2237 Secret Lair Hideaway

Tycho crater, the Moon

Basically, there is no magic number, no critical mass of wealth that leads to superhuman abilities, just a superhuman ego.

Money doesn't by you superpowers, you gotta get bit by something radioactive, or be involved in a secret experiment gone wrong, or a secret experiment gone right, or be from a planet that no longer exists, or be bombarded with cosmic radiation that would normally kill someone, or find a symbiotic parasite that hitched a ride on a meteor, or be the next step of evolution with mutated genes and shit, or be part of a top-secret government super-soldier program, or find a mythical ring, amulet, or some other talisman that bestows the wearer with the powers and responsibilities of an Elder God, something like that.

We'll talk more about that in Chapter 3: Mythical Objects and Where to Find Them.

Right now, I need to find a way to use my powers to keep my day job.

#

Work was slow, everyone was glued to their devices for the latest news on the incident by the docks. No one noticed me slip in the back. Sometimes I feel like my only real power is to go unnoticed.

"See the news?"

Jerry snuck up on me. I glanced at him, but he was staring at his phone.

"They're saying the site is so dangerous, they won't rebuild, just turn it into an abandoned memorial or something." His eyes seem large as they reflect the light from his phone.

"They think he died?"

"Oh, for sure, but it's pretty obvious he faked his own death."

"Why would he do that?" I ask, but I'm barely interested in what Gary thinks. I'm watching the crowd on the floor, studying faces.

He's droning on and on about how Bombast's enemies will get overconfident and make mistakes thinking he's gone.

I swear some people think this is some kind of fandom. I bet he's wearing Bombasticles.

He glances up from his phone just in time to catch me staring at his crotch, so there's a lesson for you: don't let something like that happen. Now Terry thinks I was window shopping. He walks away and I'm sure that's what he's telling everyone.

The boss comes down onto the floor, barking orders and waving his arms around. I pretend not to be watching the TVs, which are playing soundbites of Supersam's press conference on a loop.

"Never lose hope, never lose faith. When all seems lost, look to your heroes..."

By the way, dear reader, this is actually terrible advice. All of Simpesam's catchphrases sound like this. He's all about truth, justice, and the American way, but these days it just reminds me of that drinking game, Two Truths and a Lie.

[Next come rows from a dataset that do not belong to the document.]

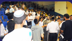
תמונות מהרצאתו של הרב אמנון יצחק שליט"א בשבוע שעבר בטבריה

שאלה שנשאל הרב בן ציון מוצפי שליט"א בקשר לזמרים א. אולי זאת גזרה שאי אפשר לעמוד בה, כפי שאני שומע מידי יום ביומו במגזר החרדי? ב. עד שיש זמרים טובים במגזר הדתי - איך בנאדם ימנע מלשמוע מוזיקה, אם
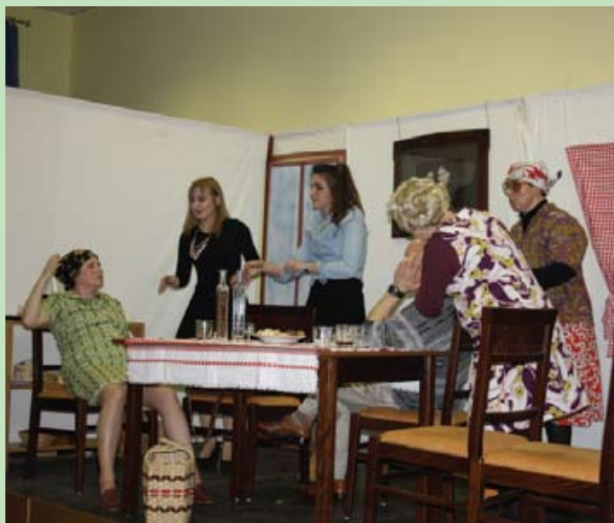
Scena sa predstave Više sreće drugi put
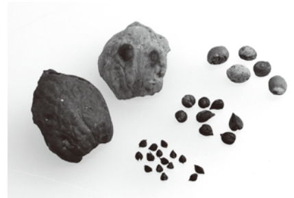
採集された植物の種子
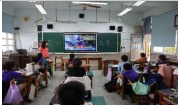
說明：老師介紹新興職業
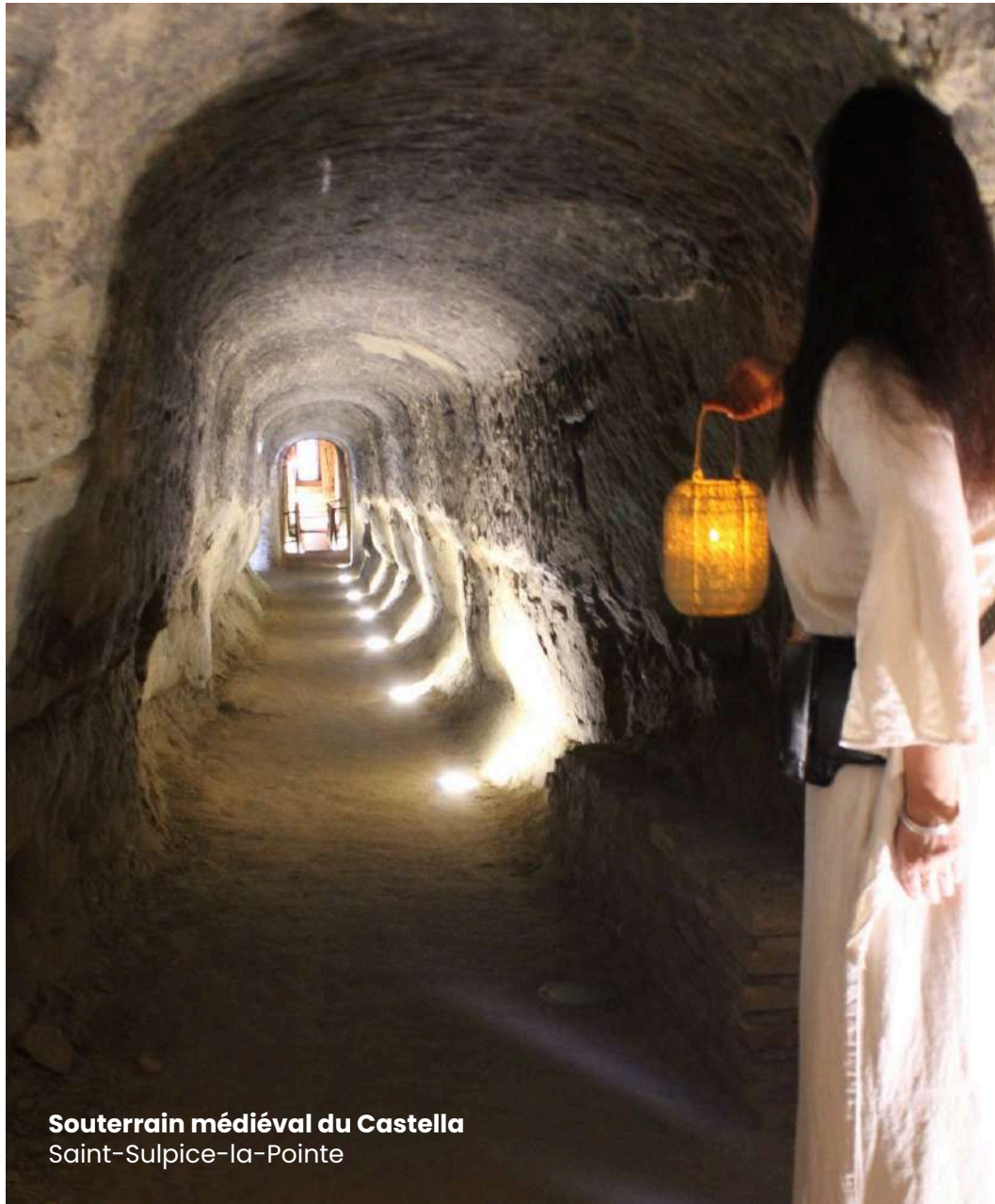
Souterrain médiéval du Castella Saint-Sulpice-la-Pointe
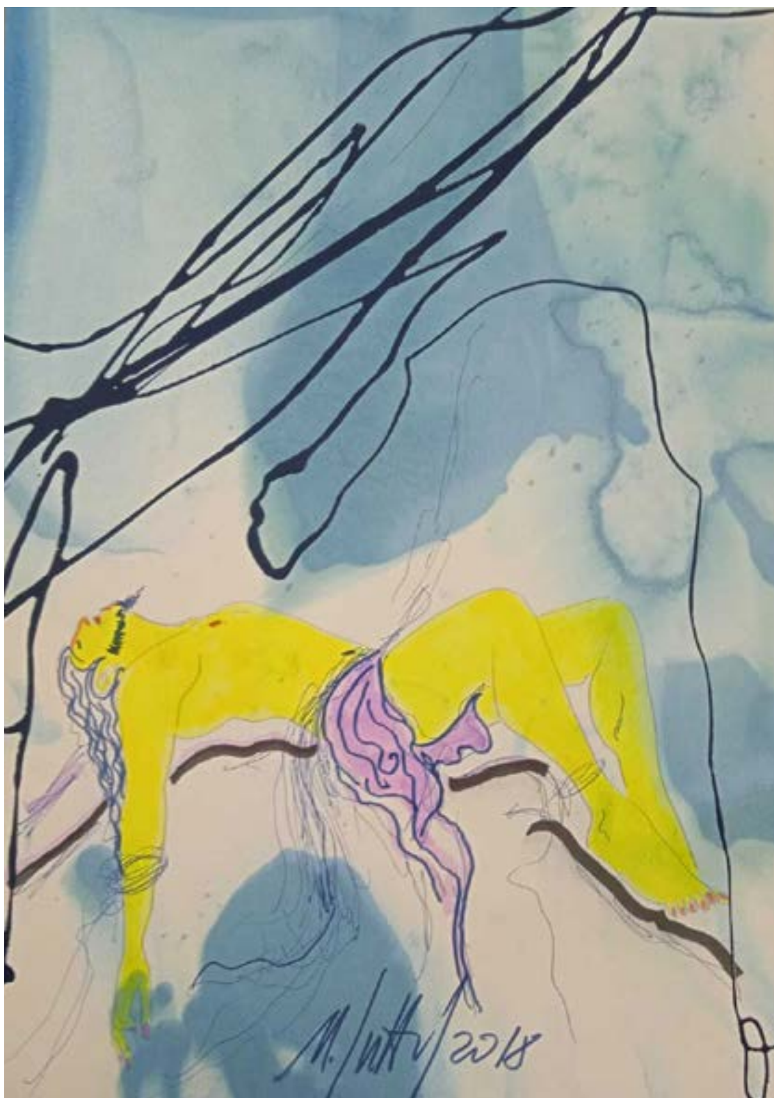
Opera di Nicola Sutti

"That's not a drinking game," Sharon says. She's suddenly behind me with a crate to unload. "At least, it doesn't have to be."

"Was I talking to myself again?"

She laughed. "Yeah, when you're not checking out Craig's junk!"

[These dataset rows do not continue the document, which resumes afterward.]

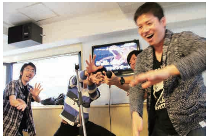
お腹を抱えて笑った後はお待ちかねの懇親会。ハピナハ近くカラオケレ・モ・ンの大部屋で大宴会。年代別カラオケ対決のトップバッターは若手チーム
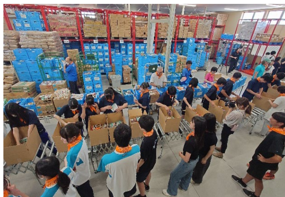
認定NPO法人フードバンク山梨
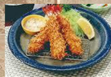
エビフライ 定食 820円
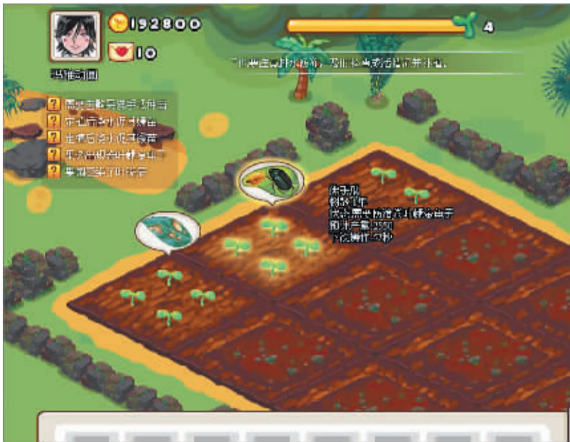
玩家在《快乐农庄》里种佛手瓜。

以蓝天和白云为背景,周边是青绿的树林,在火山石围成的篱笆内,有一块长方形的坡地,红褐色的土壤看上去很肥沃。你可以在地里种黄皮、荔枝和菠萝蜜,也可以种佛手瓜,但要跟踪“管理”,否则作物长不大,“积分”也会很少。2010年12月9日,国内首款以农业科技知识普及功能为基础,并结合展示海南热带特色农业魅力的模拟农业生产游戏——《快乐农庄》在海口开通,该游戏所依托的平台为海口市科学技术工业信息局的“电子农务网”(www.dznw.net),由海南玛雅动漫艺术有限公司开发制作。1个月来,《快乐农庄》的注册会员已有1000多人,他们当中除了善用网络的农民之外,还有不少白领和涉农商旅人士。
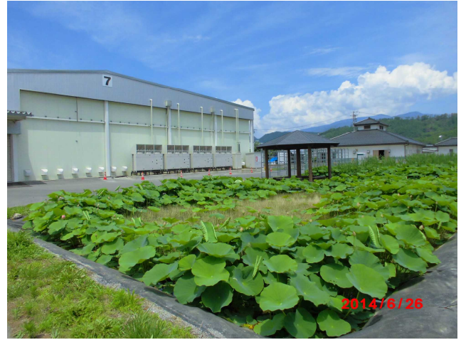
屋根付きの休憩所↑もあります

Ugh, my kryptonite is names. Susan doesn't even stick around to help with the lamithium couplers, she just walks away laughing at me.

I glance at the TVs. Bruce Lame, the billionaire who is the money behind, the money behind, the money behind Bombast, is taking an unexpected extended vacation and the shareholders are having a meltdown.

Too soon?

So that's lesson one: don't be just wealthy. To call yourself a superhero, to take on evil and villainy, is to step in the ring with monsters. It's not something you can buy your way into; it's not pay-to-play.

And the stakes are high. You put your life on the line every time you leave the house with your underwear on the outside of your pants.